Litigation and Environmental Matters

     The Partnership’s future results of operation and financial condition may be affected by the effect of compliance with existing and future environmental and safety laws, regulations, and policies, the cost of which could be significant; the outcome of future litigation and environmental matters; and the outcome of the negotiations with the DEC regarding the Facility’s Title V operating permit as described in “Regulations and Environmental Matters” below.

Business Description

     The Partnership owns a natural gas-fired, combined-cycle cogeneration facility consisting of two units designed to operate independently for electrical generation, but thermally integrated for steam generation. Revenues are derived primarily from sales of electricity and, to a lesser extent, from sales of steam and natural gas. The Partnership operates as a single business segment.

     The Partnership has long-term contracts for the sale of electric capacity and energy produced by the Facility with Niagara Mohawk and Con Edison.
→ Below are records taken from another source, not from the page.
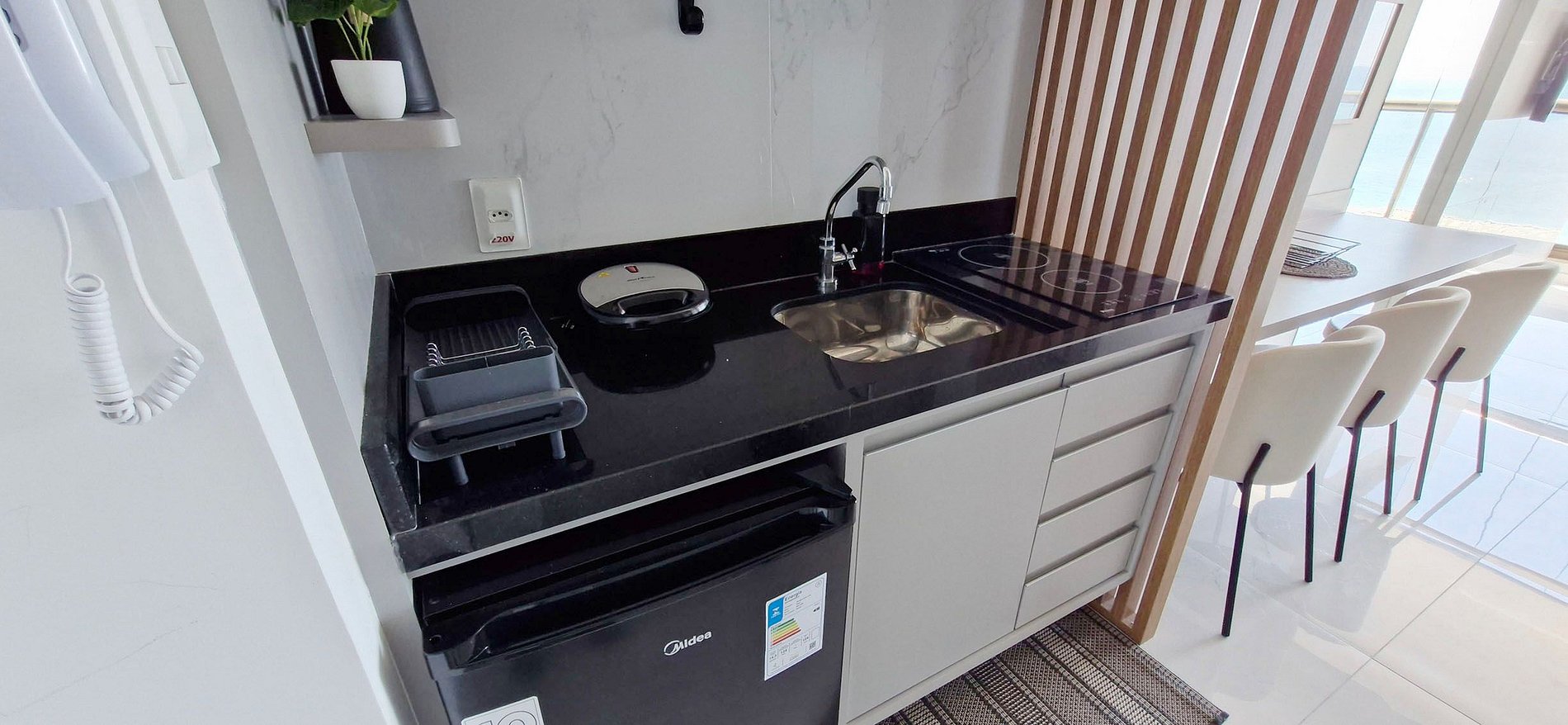 - COCINA: sandwichera, cafetera eléctrica, minibar, termo, batidora, airfryer, cocina de inducción de dos fuegos, purificador de aire y accesorios varios de cocina..
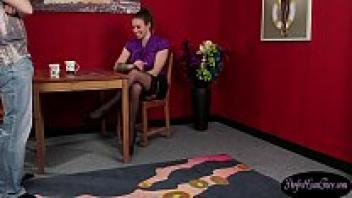 Redhead blows her therapist away with cock sucking.
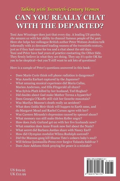 Talking with Twentieth Century Women is not a history book, although the 21 famous women interviewed in it all died last century. Now they take part in live discussions between their souls on the Other Side and the author, Peter Watson Jenkins. The dialogue is channeled by America's foremost Clear Channel psychic, Toni Ann Winninger. The book's intriguing list of women is impressive: Jane Addams, Marian Anderson, Maria Callas, Rachel Carson, Marie Curie, Amelia Earhart, Ella Fitzgerald, Anne Frank, Judy Garland, Barbara Jordan, Helen Keller, Margaret Mead, Golda Meir, Carmen Miranda, Marilyn Monroe, Georgia O Keeffe, Sylvia Plath, Selena Quintanilla-Perez, Mother Teresa, Wilma Rudolph, and Sharon Tate. We learn about Mother Teresa s reaction to public fame and inner doubts; Barbara Jordan reveals that she was the philosopher Plato in a past life; Golda Meir explains how she felt to be Prime Minister during Israel s Six Day War; Anne Frank tells of lost diaries and what finally happened to her in the concentration camp. Ella Fitzgerald is much more than a popular singer. She is a very old soul who was engaged in the early development of music and language in the universe. Sylvia Plath and Judy Garland explain what led up to their committing suicide, and we learn from Marilyn Monroe and Maria Callas whether they died accidentally or were murdered. We learn how Helen Keller and Wilma Rudolph felt about their severe disabilities, and discovered what really happened to pioneering aviator Amelia Earhart. And there s much more besides. Second in the series of Dialogues with Masters of the Spirit World this lively and challenging study raises important questions of life and death and after death, with the help of 21 fascinating women who know all the answers now they are back home.

Under the Amended and Restated Niagara Mohawk Power Purchase Agreement, the Partnership has dispatch decision–making authority for Unit 1, whereby it has the ability and flexibility to operate the unit based on current market conditions. Under the Con Edison Power Purchase Agreement, Con Edison dispatches Unit 2 on an economic basis, whereby it takes into account the variable cost of electricity to be delivered by the unit compared to the variable cost of electricity available from other sources.

     The Partnership directs the supply and transportation of natural gas to Unit 1 and Unit 2 under its long-term gas supply and transportation agreements so as to have sufficient quantities of natural gas available at the Facility to meet its scheduled operation. In addition, the Partnership may enter into short-term transactions to resell its long-term, firm natural gas volumes at favorable prices relative to their costs and relative to the cost of substitute fuels. These transactions include “gas resales”, “gas transportation optimizations” and “peak shaving arrangements” (see “Item 1. Business: Fuel Management” above).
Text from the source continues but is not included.